Some of the conclusions the FTA reached overlapped with or even mirrored the findings that an independent safety panel produced in December 2019. So what went wrong, Straus asked the chair of the MBTA's board, after 2019 that led to a cascade of failures and drew federal scrutiny?
"Quite frankly, I'm not certain," Taylor replied, noting that the latest iteration of the T's governing body has only been in place with her at the helm since October. "I am much more certain about the kind of actions that are currently being undertaken and that I think should be undertaken in the future with the Legislature's support that can change the pattern of behavior that we all find deeply regrettable and, quite frankly, unacceptable."
Taylor said she agrees with many of the FTA's recommendations, but she disagreed with one of the central conclusions in the federal probe: that the T has overemphasized capital work at the expense of day-to-day operations maintenance.
Instead, Taylor argued that the MBTA has "both an operating and a capital program," warning that "the level of deferred maintenance for decades is massive." She defended the agency's decision earlier this year to transfer $500 million from the operating budget to the capital budget, describing it as "investments [that] advanced critical safety projects" including an anti-collision system on the Green Line.
"The real problem is getting a handle on what it will take to maintain and update the existing facilities," Taylor said. "The lack of that is what has caused or largely contributed to a great many of the safety incidents we all find deplorable."
About $7.5 billion in the MBTA's five-year capital investment plan, or 80 percent of the total, focuses on safety and maintenance rather than flashier expansions, Taylor said.

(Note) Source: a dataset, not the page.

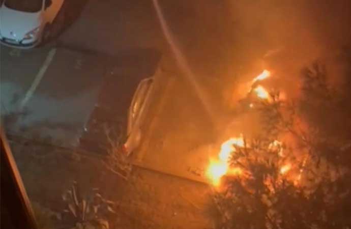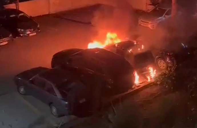DHA’nın aktardığına göre ihbar üzerine olay yerine polis ve itfaiye ekipleri sevk edildi. İtfaiye ekiplerinin müdahalesiyle araçlara sıçrayan yangın kısa sürede söndürüldü.

"That's what the capital program is designed to do, and that's what we all need it to do if we are to have the safe and reliable T that this economy needs and deserves," she said.
Lawmakers plan to convene several more oversight hearings in the coming months and aim to submit a final report by the end of the session in early January.
Straus said the group's recommendations could include legislative changes to the T's overlapping operating and capital sides, and he also said testimony through the first two hearings shows the Baker administration's past insistence that the MBTA has the money it needs is "just not true."